Note: Races highlighted in gold are combination events with the ARCA Menards Series.

| No | Race title | Track | Location | Date |
|---|---|---|---|---|
| 1 | Pensacola 200 | Five Flags Speedway | Pensacola, Florida | March 25 |
| 2 | General Tire 125 | Dover Motor Speedway | Dover, Delaware | April 28 |
| 3 | Music City 200 | Nashville Fairgrounds Speedway | Nashville, Tennessee | May 13 |
| 4 | Dutch Boy 150 | Flat Rock Speedway | Ash Township, Michigan | May 20 |
| 5 | Calypso Lemonade 150 | Iowa Speedway | Newton, Iowa | July 15 |
| 6 | Reese's 200 | Lucas Oil Indianapolis Raceway Park | Brownsburg, Indiana | August 11 |
| 7 | Sprecher 150 | Milwaukee Mile | West Allis, Wisconsin | August 27 |
| 8 | Bush's Beans 200 | Bristol Motor Speedway | Bristol, Tennessee | September 14 |

===Schedule changes===
- On August 9, 2022, Mark Kristl from Frontstretch reported that Flat Rock Speedway could be added to the East Series schedule in 2023. This was officially announced by ARCA on November 18. The race at Flat Rock, which was held on May 20, replaced the race at New Smyrna Speedway, which had been the season-opener for the East Series from 2014 to 2022.
- On November 11, 2022, it was announced that the main ARCA Series race at Lucas Oil Indianapolis Raceway Park would be a combination race with the East Series in 2023, giving the series a fourth combination race on top of the three returning ones from 2022 (Iowa, Milwaukee and Bristol).

===Broadcasting===
After previously only broadcasting about half of the main ARCA Series races for several years, usually only the races that were on the same weekend at the same track as a NASCAR Cup, Xfinity and/or Truck race, Fox will broadcast all 20 main ARCA Series races in 2023 and this includes all four combination races with the East Series (Iowa, IRP, Milwaukee and Bristol).
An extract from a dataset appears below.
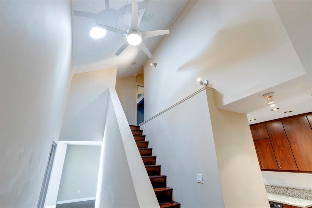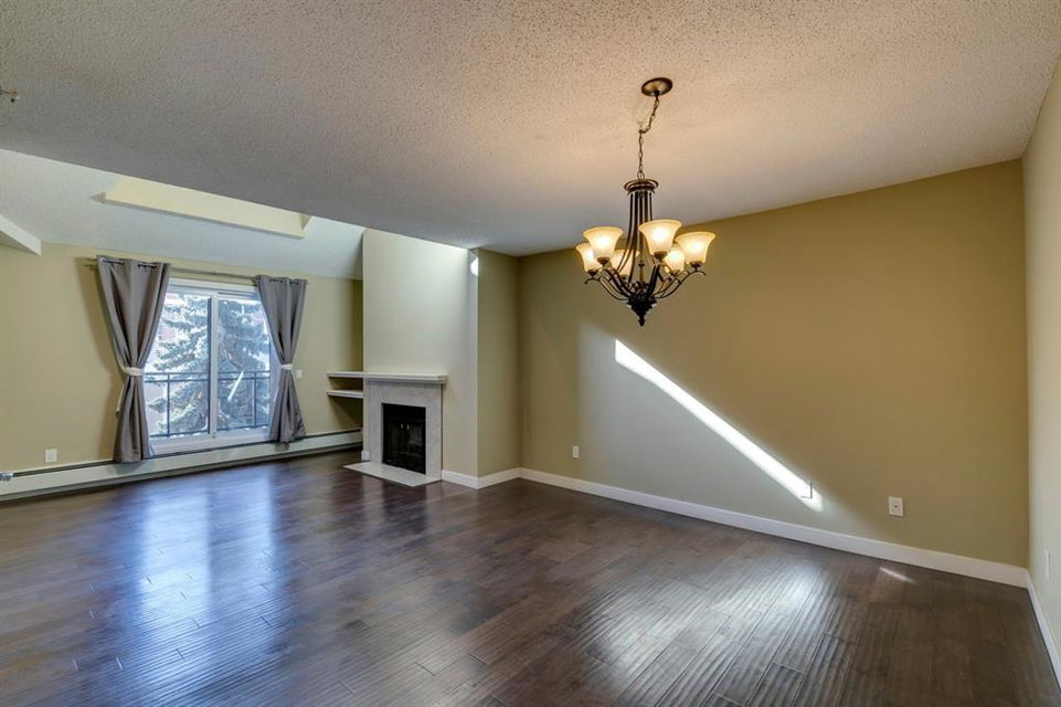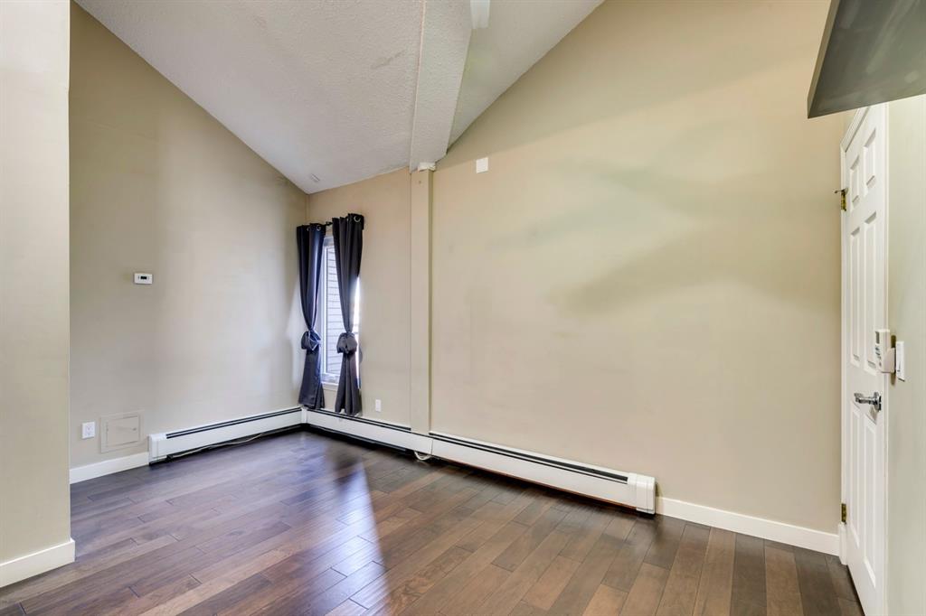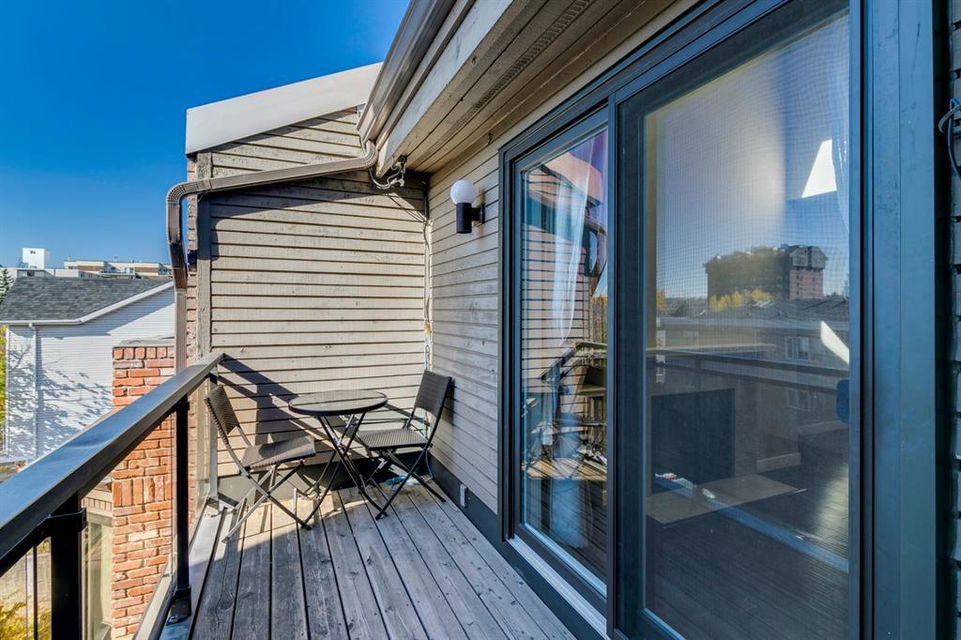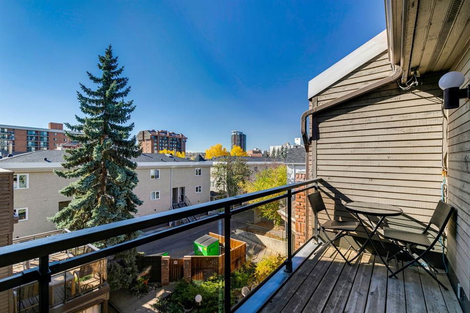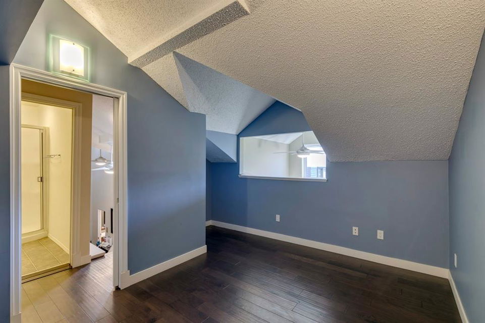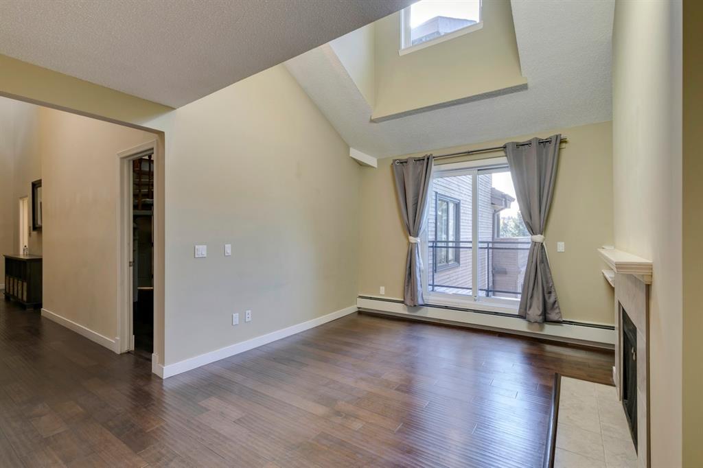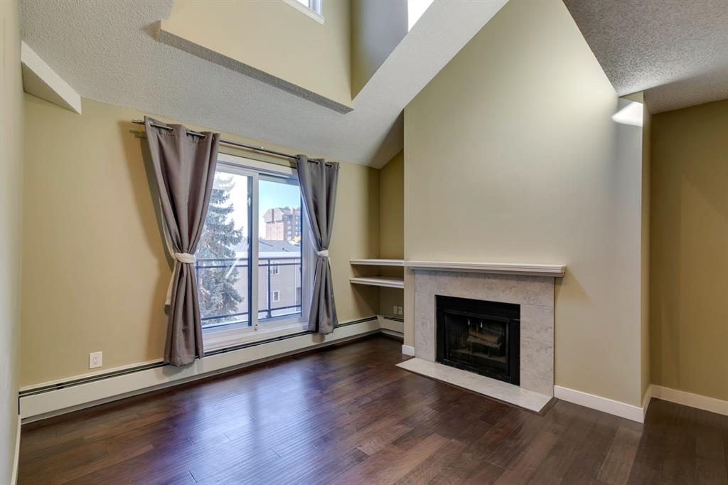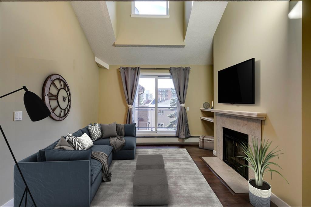 Beltline – #405, 1111 13 Avenue SW: Welcome to this renovated, 1,247 sq ft 2 bedroom + 2 bathroom top floor apartment. This unique unit features a spacious, vaulted entryway and a second-floor loft. The main floor has hardwood floors throughout; a galley kitchen with granite countertops, stainless steel appliances and ample storage; open dining room and living room with wood-burning fireplace and access to the south-facing deck; the primary bedroom has a spiral staircase to the loft/den; 4 pc main bathroom/ensuite with granite counter tops, soaker tub and stacked laundry. The upper level features a second bedroom which can also be used as a den and 3 pc bathroom. Enjoy this bright, top floor penthouse complete with skylights and solar tubes to enhance the natural light. The Montage features: an elevator, heated, underground parking, bike storage and a storage locker for each unit. Located in the heart of the beltline close to all amenities, a short walk to downtown, 17th Avenue, schools, and playgrounds. Call for more info!

Previously, Bristol was the only East Series race televised on Fox as they were also broadcasting the Truck Series race there on that weekend.

==Results and standings==
===Race results===

| No. | Race | Pole position | Most laps led | Winning driver | Manufacturer | No. | Winning team | Report |
|---|---|---|---|---|---|---|---|---|
| 1 | Pensacola 200 | William Sawalich | William Sawalich | William Sawalich | Toyota | 18 | Joe Gibbs Racing | Report |
| 2 | General Tire 125 | William Sawalich | Jake Finch | Jake Finch | Toyota | 20 | Venturini Motorsports | Report |
| 3 | Music City 200 | William Sawalich | William Sawalich | Luke Fenhaus | Chevrolet | 28 | Pinnacle Racing Group | Report |
| 4 | Dutch Boy 150 | Sean Hingorani | Sean Hingorani | William Sawalich | Toyota | 18 | Joe Gibbs Racing | Report |
| 5 | Calypso Lemonade 150 | William Sawalich | William Sawalich | Luke Fenhaus | Chevrolet | 28 | Pinnacle Racing Group | Report |
| 6 | Reese's 200 | Jesse Love | Jesse Love | Jesse Love | Toyota | 20 | Venturini Motorsports | Report |
| 7 | Sprecher 150 | William Sawalich | William Sawalich | William Sawalich | Toyota | 18 | Joe Gibbs Racing | Report |
| 8 | Bush's Beans 200 | William Sawalich | Jesse Love | William Sawalich | Toyota | 18 | Joe Gibbs Racing | Report |

===Drivers' championship===

Notes:
- The pole winner also receives one bonus point, similar to the previous ARCA points system used until 2019 and unlike NASCAR.
- Additionally, after groups of five races of the season, drivers that compete in all five races receive fifty additional points. This points bonus will be given after the race at Iowa.
  - William Sawalich, Luke Fenhaus, Lavar Scott, Zachary Tinkle, Tim Monroe and Dale Shearer received this points bonus for having competed in the first five races of the season (Five Flags, Dover, Nashville Fairgrounds, Flat Rock, and Iowa).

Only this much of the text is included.